21 “Sen de biz kullarına, ‘O çocuğu bana getirin, gözümle göreyim’ demiştin.
And thou said to thy servants, Bring him down to me, that I may set my eyes upon him.
22 Biz de, ‘Çocuk babasından ayrılamaz, ayrılırsa babası ölür’ diye karşılık vermiştik.
And we said to my lord, The young man cannot leave his father, for if he should leave his father, his father would die.
23 Sen de biz kullarına, ‘Eğer küçük kardeşiniz sizinle gelmezse, yüzümü bir daha göremezsiniz’ demiştin.
And thou said to thy servants, Unless your youngest brother come down with you, ye shall see my face no more.
24 “Kulun babamızın yanına döndüğümüzde, söylediklerini ona anlattık.
And it came to pass when we came up to thy servant my father, we told him the words of my lord.
25 Babamız, ‘Yine gidin, bize biraz yiyecek alın’ dedi.
And our father said, Go again, buy us a little food.
26 Ama biz, ‘Gidemeyiz’ dedik, ‘Ancak küçük kardeşimiz bizimle gelirse gideriz. Küçük kardeşimiz bizimle olmazsa o adamın yüzünü göremeyiz.’
And we said, We cannot go down. If our youngest brother be with us, then will we go down, for we may not see the man's face unless our youngest brother be with us.
27 “Babam, biz kullarına, ‘Biliyorsunuz, karım bana iki erkek çocuk doğurdu’ dedi,
And thy servant my father said to us, Ye know that my wife bore me two sons.
28 ‘Biri yanımdan ayrıldı. Besbelli bir hayvan parçaladı, bir daha göremedim onu.
And the one went out from me, and I said, Surely he is torn in pieces, and I have not seen him since.
29 Bunu da götürürseniz ve ona bir zarar gelirse, bu acıyla ak saçlı başımı ölüler diyarına götürürsünüz.’ (Sheol )
And if ye take this one also from me, and harm befall him, ye will bring down my gray hairs with sorrow to Sheol. (Sheol )
30 “Efendim, şimdi babam kulunun yanına döndüğümde çocuk yanımızda olmazsa, babam onu görmeyince ölür. Çünkü onu yaşama bağlayan bu çocuktur.

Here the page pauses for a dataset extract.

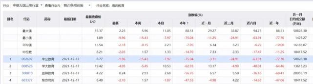截至12月17日,中公教育为2021年以来A股培训教育行业中跌幅最大的公司,年内跌幅达75.04%。当前市值较年内最高点蒸发近2111.10亿元。

Now therefore when I come to thy servant my father, and the young man is not with us, since his life is bound up in the young man's life,
31 Biz kulların da acı içinde babamızın ak saçlı başını ölüler diyarına indiririz. (Sheol )
it will come to pass, when he sees that the young man is not with us, that he will die. And thy servants will bring down the gray hairs of thy servant our father with sorrow to Sheol. (Sheol )

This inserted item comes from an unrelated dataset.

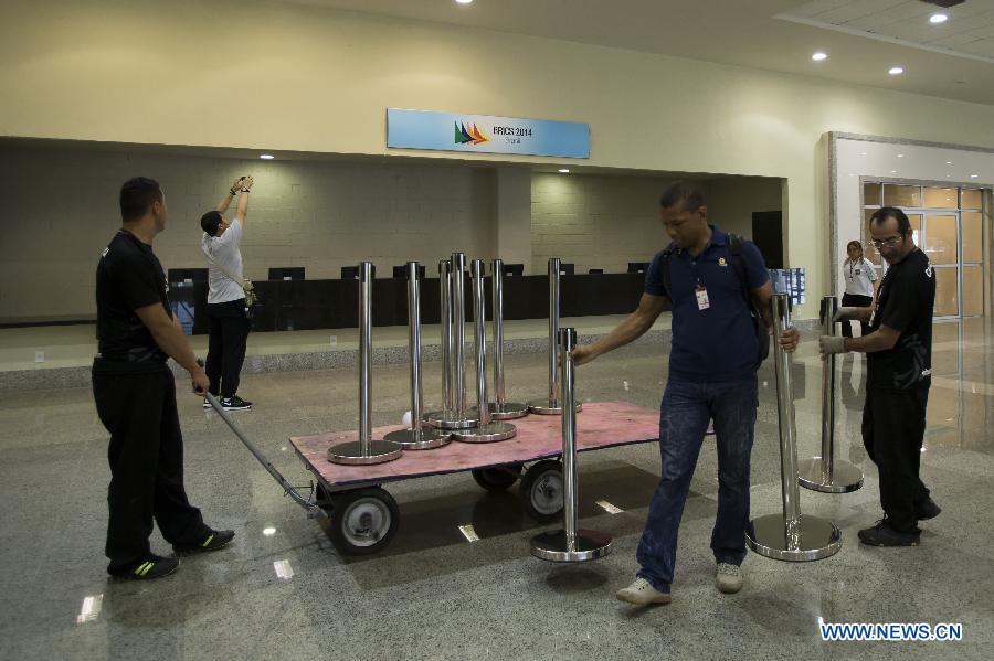 Staff members work at the lobby of the Center for Events of Estado Ceara in Fortaleza, Brazil, July 13, 2014. The sixth BRICS Summit will be held here on July 15, 2014. (Xinhua/Xu Zijian)

32 Ben kulun bu çocuğa kefil oldum. Babama, ‘Onu sana geri getirmezsem, ömrümce kendimi sana karşı suçlu sayarım’ dedim.
For thy servant became surety for the young man to my father, saying, If I do not bring him to thee, then I shall bear the blame to my father forever.

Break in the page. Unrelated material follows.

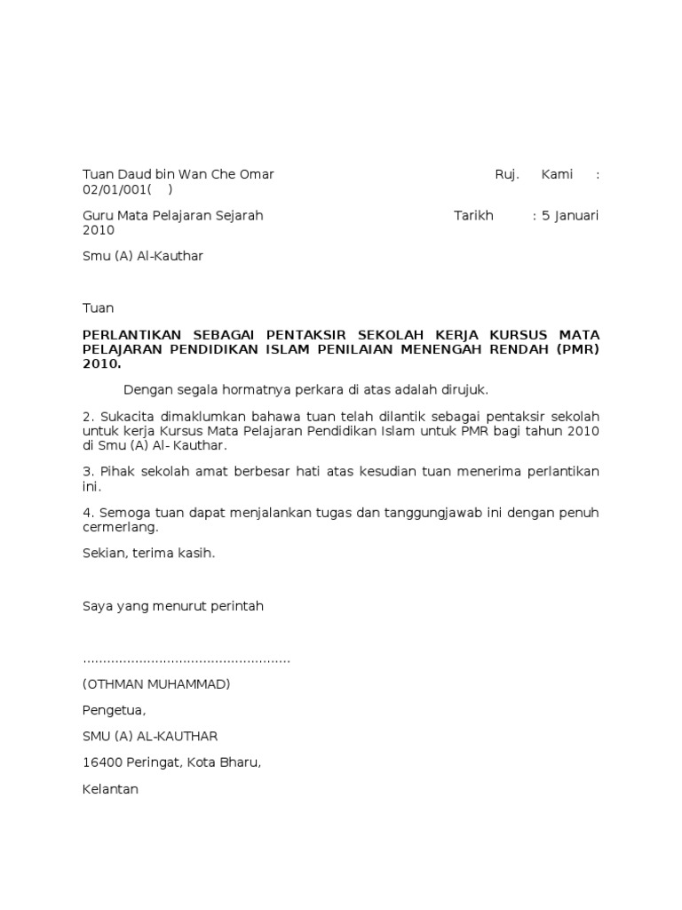 Contoh Surat Pelantikan Jawatan New Letter Website

33 “Lütfen şimdi çocuğun yerine beni kölen kabul et. Çocuk kardeşleriyle birlikte geri dönsün.
Now therefore, let thy servant, I pray thee, abide a bondman to my lord instead of the young man, and let the young man go up with his brothers.
34 O yanımda olmadan babamın yanına nasıl dönerim? Babamın başına gelecek kötülüğe dayanamam.”
For how shall I go up to my father, if the young man be not with me? Lest I see the evil that shall come on my father.